# Exploring Hacker News Posts
In this project, we will be exploring the Ask posts (questions) and Show posts (when users submit a project, product or something interesting) on Hacker News.

We will compare the two to determine if:
1. `Ask HN` posts receive more comments than `Show HN` posts
2. Do posts created at a certain time receive more comments on average?

We will be using a concise version of this [data set](https://www.kaggle.com/hacker-news/hacker-news-posts).
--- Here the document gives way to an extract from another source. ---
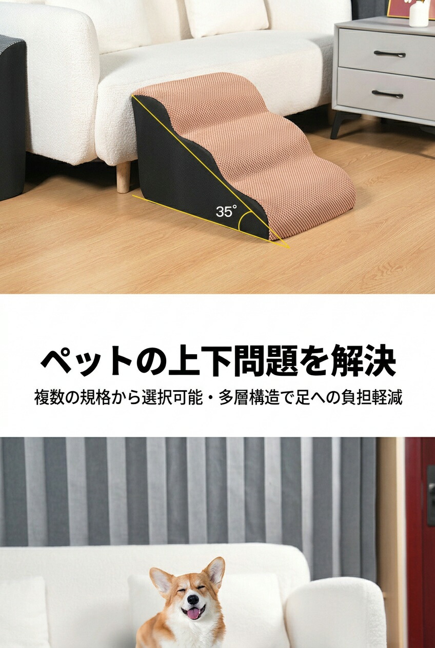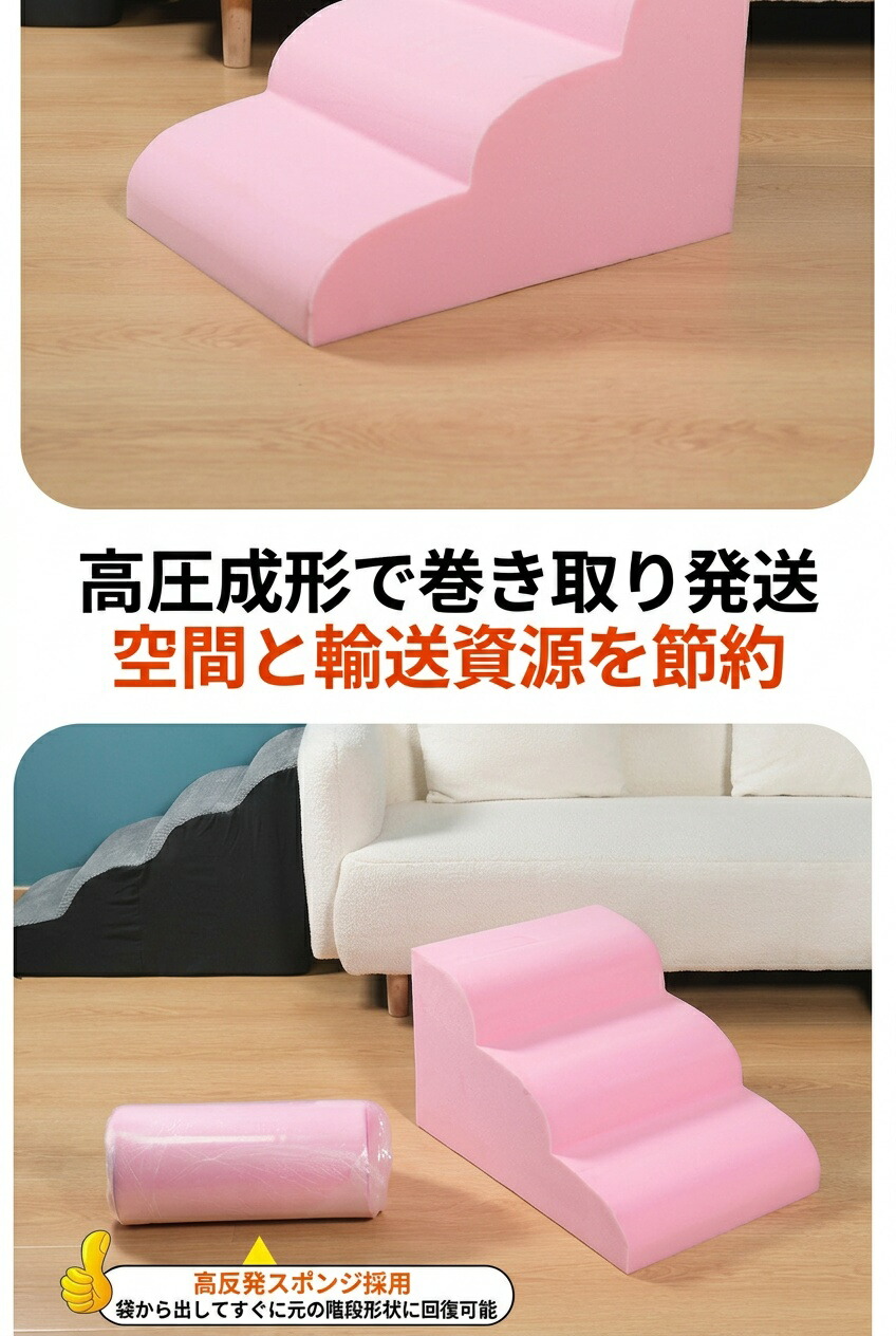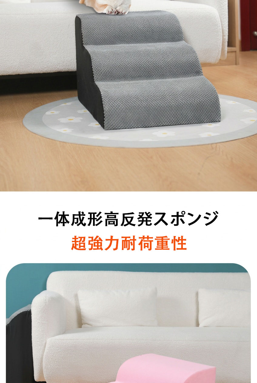 ペットステップは高弾力のスポンジを採用しており、はしごは快適で簡単に変形しません。

Here are some of the descriptions of the columns:

`id`: the unique identifier from Hacker News for the post

`title`: the title of the post

`url`: the URL that the posts links to, if the post has a URL

`num_points`: the number of points the post acquired, calculated as the total number of upvotes minus the total number of downvotes

`num_comments`: the number of comments on the post

`author`: the username of the person who submitted the post

`created_at`: the date and time of the post's submission

# Part 1: Analyzing if Ask posts receive more comments than Show posts

In [12]:
from csv import reader
opened_file = open('hacker_news.csv')
read_file = reader(opened_file)
hn = list(read_file)

print(hn[:4]) #print first 5 rows of data set

[['id', 'title', 'url', 'num_points', 'num_comments', 'author', 'created_at'], ['12224879', 'Interactive Dynamic Video', 'http://www.interactivedynamicvideo.com/', '386', '52', 'ne0phyte', '8/4/2016 11:52'], ['10975351', 'How to Use Open Source and Shut the Fuck Up at the Same Time', 'http://hueniverse.com/2016/01/26/how-to-use-open-source-and-shut-the-fuck-up-at-the-same-time/', '39', '10', 'josep2', '1/26/2016 19:30'], ['11964716', "Florida DJs May Face Felony for April Fools' Water Joke", 'http://www.thewire.com/entertainment/2013/04/florida-djs-april-fools-water-joke/63798/', '2', '1', 'vezycash', '6/23/2016 22:20']]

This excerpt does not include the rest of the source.